The number of randomizations is set to 100 by default; it can be increased for greater accuracy or decreased for faster calculations.
Select "Run" to execute the method
- Look at the bottom of the workspace for a message indicating that the task is in process or has been completed.
Results are displayed in a new workspace, and are also saved in the right-hand Data panel.

Local Cluster Analysis Summary and Results

The Local Moran test results provide insight into the local spatial autocorrelation, and offer insight into data clusters (similar values) and outliers (value different from neighbors). Four quantities are calculated: z-score, Local Moran's I for each location, p-value, and Local Moran Class. Each observation/location is classified into one of the following four categories:

HH - the location is part of a significant high-high correlation cluster, meaning that the location has high autocorrelated and surrounded by other high autocorrelated neighbors.
LL - the location is part of a significant low-low correlation cluster, meaning that the location has low autocorrelation and surrounded by other low autocorrelation neighbors.
HL - the location is an outlier with high autocorrelation but surrounded by neighbors with low autocorrelation.
LH - the location is an outlier with low autocorrelation but surrounded by neighbors with high autocorrelation.
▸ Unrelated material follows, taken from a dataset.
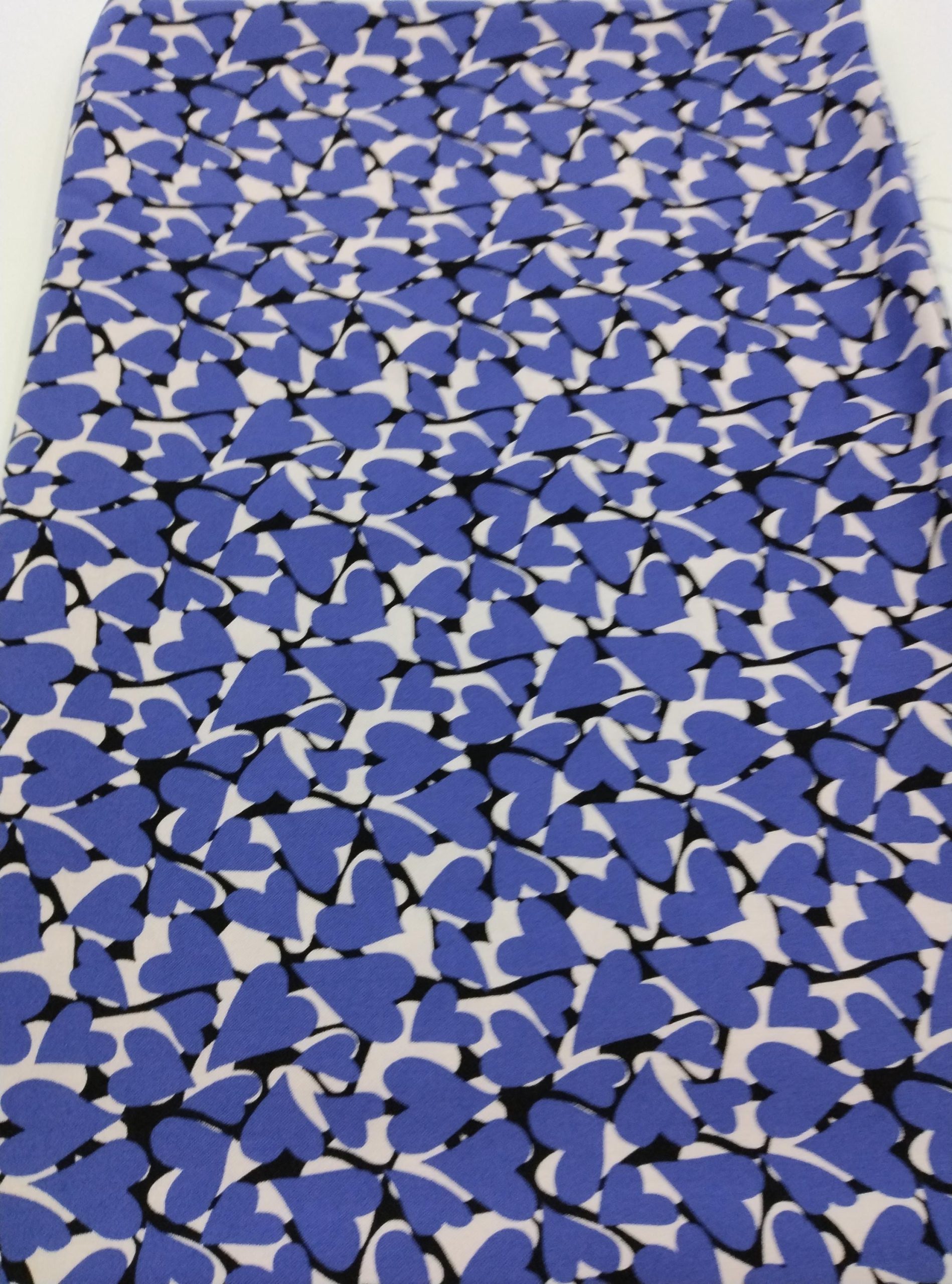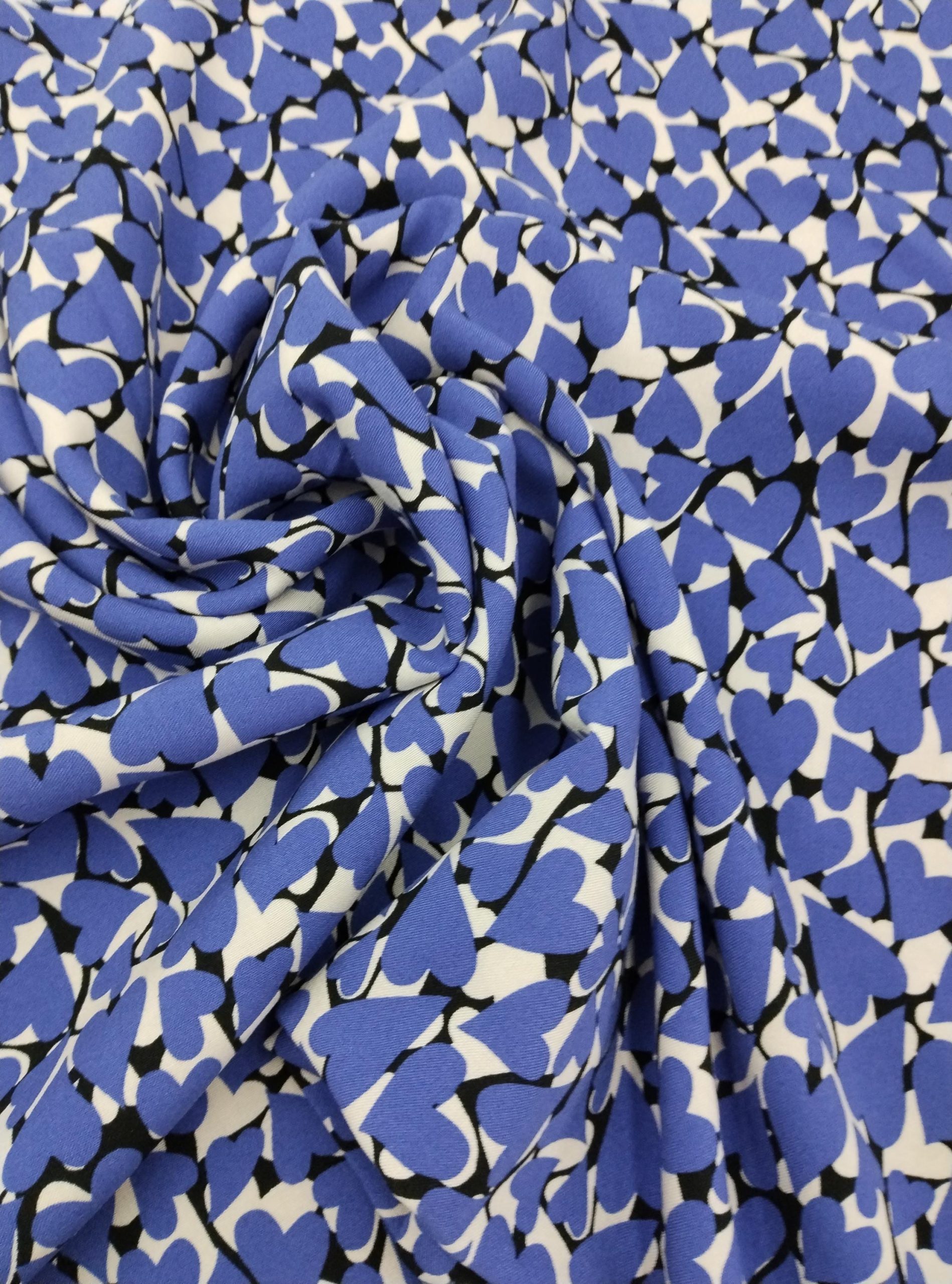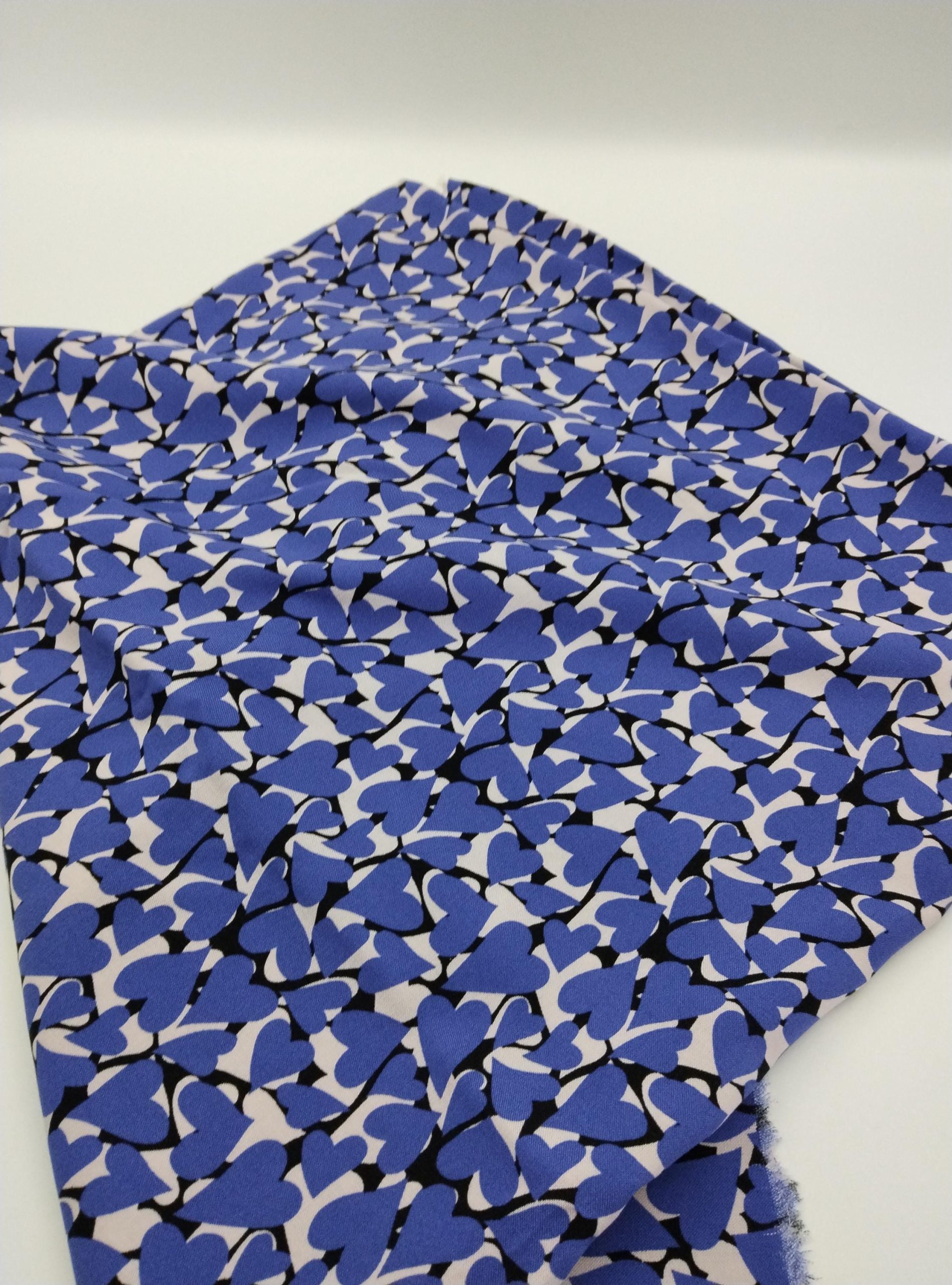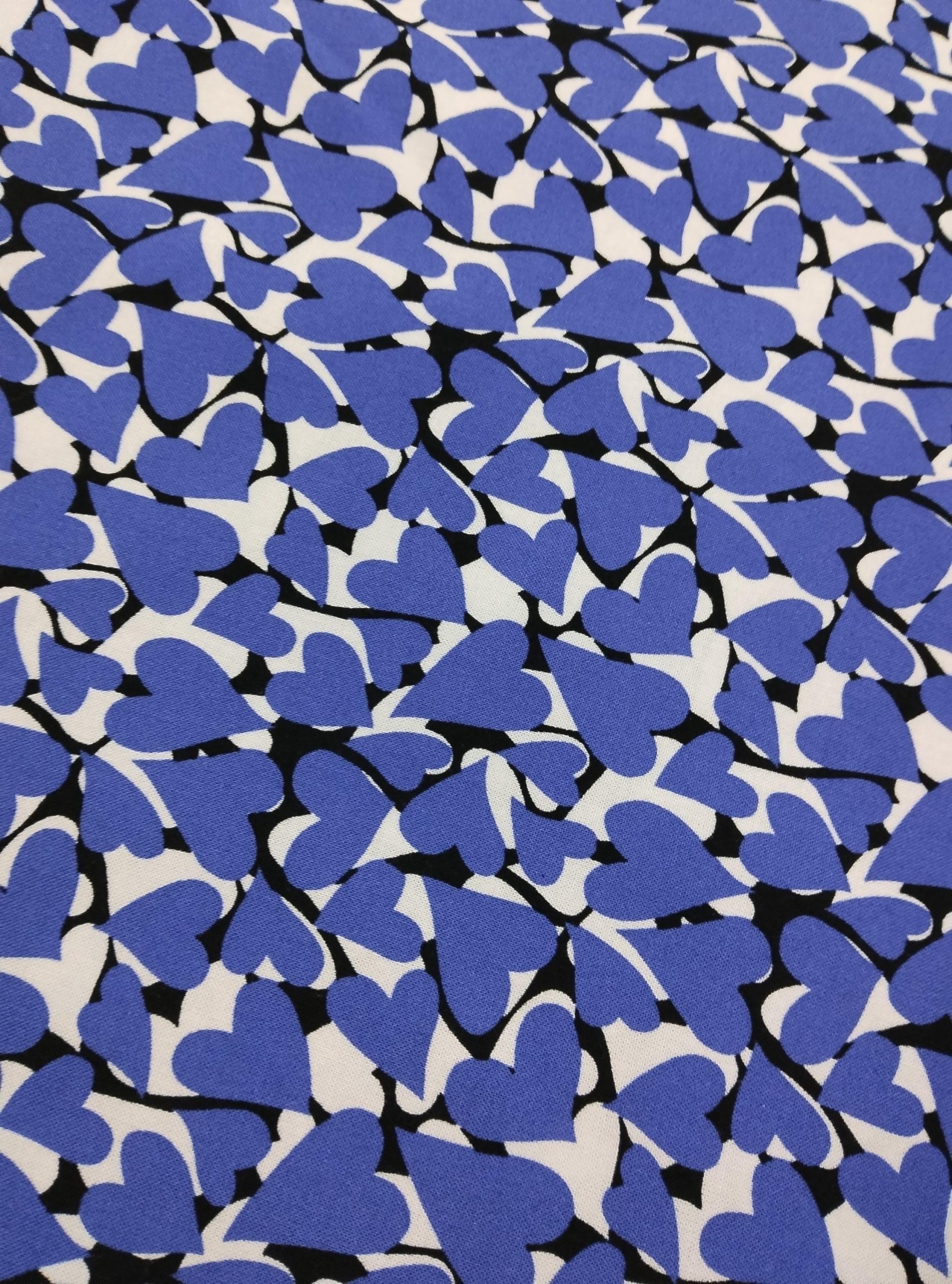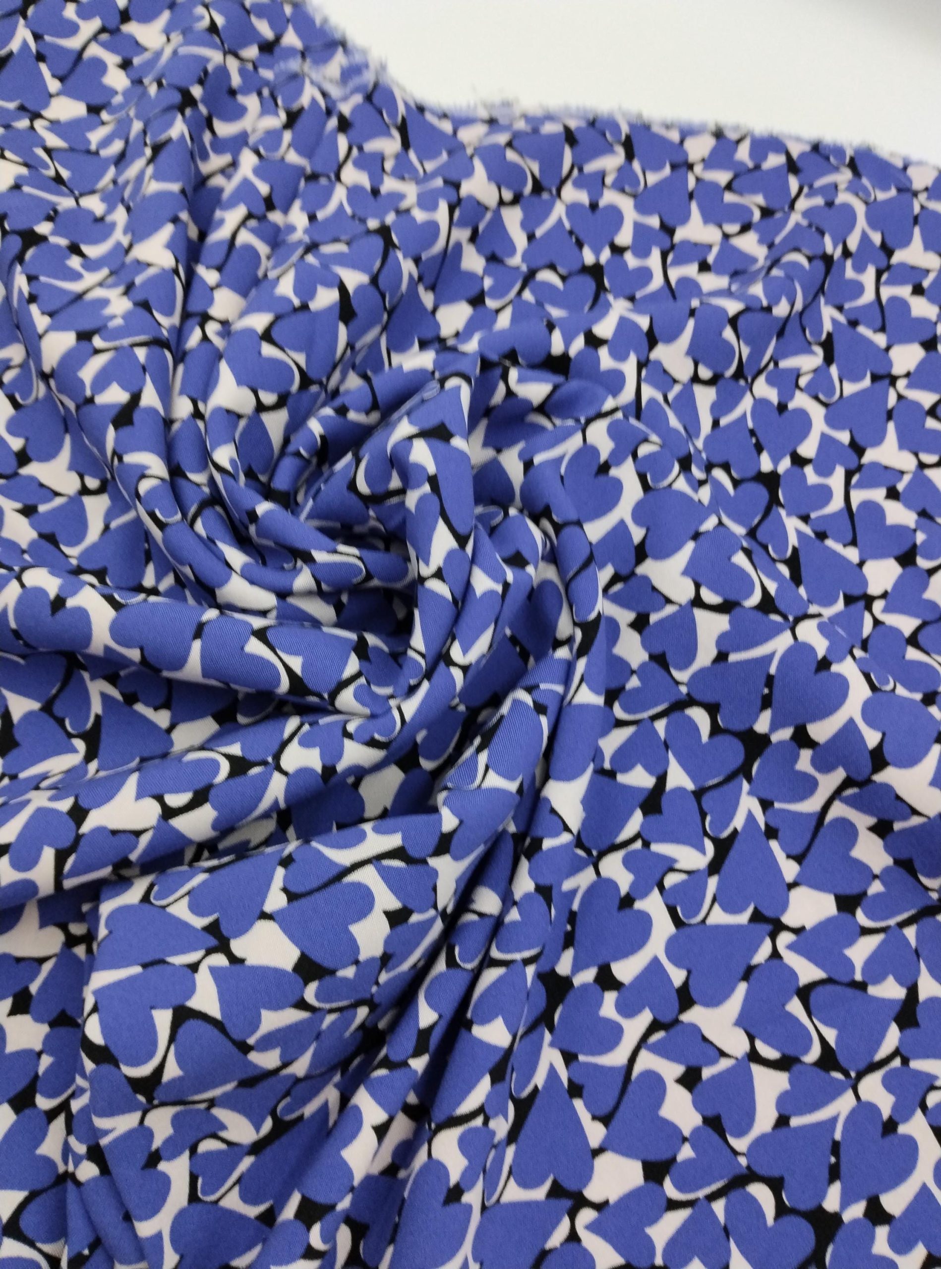 Mavi kalp desenli pamuk‑viskon karışımı kumaş; siyah ve beyaz zemin üzerinde enerjik bir tasarıma sahip. Hafif ve yumuşak dokusuyla yazlık elbiseler, bluzlar ve etekler için ideal. Drapajı güzel, nefes alabilir yapısı sayesinde konfor sunar. Birden fazla metre siparişlerinde kumaş tek parça olarak gönderilir.

If the data is labelled with NS, the Local Moran's I is not significantly different from zero (p-value greater than 0.05).

Each of the four new variables are automatically mapped in the result workspace.

Global Moran's I is a measure of spatial autocorrelation ranging from -1 to +1:

Positive values (0 to +1): Similar values tend to cluster together geographically. High values are near other high values, and low values are near other low values.
Negative values (-1 to 0): Dissimilar values tend to be near each other. High values are surrounded by low values, and vice versa.
Values near 0: No spatial autocorrelation; values are randomly distributed across space. The closer the value is to +1 or -1, the stronger the spatial pattern.

Summary Report (displayed in workspace)

A summary report is given with classification of clusters in the data analyzed. See the content at the top of the summary report for data-specific interpretation and results.

The Moran Scatterplot (displayed in workspace)

Screenshot

This chart plots each location's standardized value (x-axis) against the average of its neighbors (y-axis).

Upper-right quadrant (High-High) and lower-left quadrant (Low-Low): Confirm clustering trends.
Upper-left quadrant (Low-High): Low-value locations surrounded by high-value neighbors.
Lower-right quadrant (High-Low): High-value locations surrounded by low-value neighbors.
Grey points: Statistically not significant localities, neither clusters nor outliers.

Histogram of Cluster Results (displayed in workspace)

Screenshot

The histogram shows counts of objects classified as Not Significant, Low-Low, Low-High, High-High, and High-Low. The histogram is interactive; click or brush-select any bar to see the count and location of those localities.